> _INSTRUCTIONS TO FOLLOW_
Only the lines from the one that contains "- Durable: The" through the last line of the data below should be duplicated, exactly and without pictures.

> _GIVEN INFORMATION_
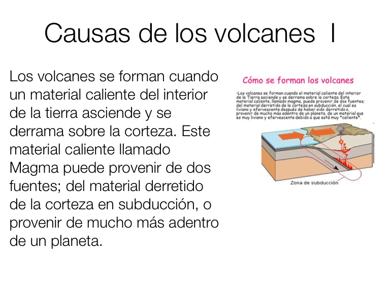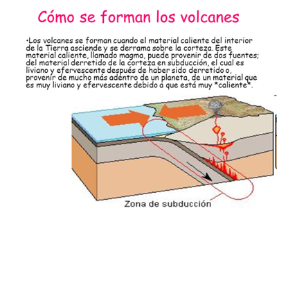 Los volcanes se forman cuando un material caliente del interior de la tierra asciende y se derrama sobre la corteza. Este material caliente llamado Magma puede provenir de dos fuentes; del material derretido de la corteza en subducción, o provenir de mucho más adentro de un planeta.
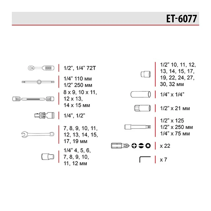 Набір включає 77 елементів для вирішення будь-якого завдання на відкручування, закручування кріплень. Для різних видів та діаметрів кріплень є цілий арсенал шестигранних торцевих головок від 4 до 32 мм.
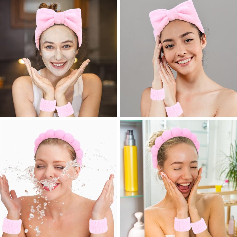 - Durable: The spa set include 1 x pink sponge headband, 1 x pink terry cloth headband, 2 pairs of pink wristbands and 4 black poder puffs. You can share these headband with your family and friends.
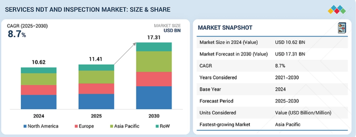非破壊検査(NDT)および点検サービス市場は、2025年の114億1000万米ドルから2030年までに173億1000万米ドルに達すると予測されており、2025年から2030年までの年間平均成長率(CAGR)は8.7%となる見込みです。産業がますます複雑化するインフラ全体で資産保全、安全コンプライアンス、稼働時間の確保を優先する中、非破壊検査(NDT)および点検サービス市場は急速に成長しています。予知保全および状態監視型保全の導入拡大により、事業者は高度で継続的な検査サービスへの依存度を高めている。自動超音波検査(UT)、デジタル放射線撮影、ドローン、分析プラットフォームによるデジタルトランスフォーメーションは、欠陥検出の高速化・高精度化を実現し、需要をさらに加速させている。加えて、老朽化する産業資産と厳格化する規制枠組みが、エネルギー、製造、輸送、公共インフラ各セクターにおける長期的なサービス需要を牽引している。

> _RESPONSE AREA_
 - Durable: The spa set include 1 x pink sponge headband, 1 x pink terry cloth headband, 2 pairs of pink wristbands and 4 black poder puffs. You can share these headband with your family and friends.
非破壊検査(NDT)および点検サービス市場は、2025年の114億1000万米ドルから2030年までに173億1000万米ドルに達すると予測されており、2025年から2030年までの年間平均成長率(CAGR)は8.7%となる見込みです。産業がますます複雑化するインフラ全体で資産保全、安全コンプライアンス、稼働時間の確保を優先する中、非破壊検査(NDT)および点検サービス市場は急速に成長しています。予知保全および状態監視型保全の導入拡大により、事業者は高度で継続的な検査サービスへの依存度を高めている。自動超音波検査(UT)、デジタル放射線撮影、ドローン、分析プラットフォームによるデジタルトランスフォーメーションは、欠陥検出の高速化・高精度化を実現し、需要をさらに加速させている。加えて、老朽化する産業資産と厳格化する規制枠組みが、エネルギー、製造、輸送、公共インフラ各セクターにおける長期的なサービス需要を牽引している。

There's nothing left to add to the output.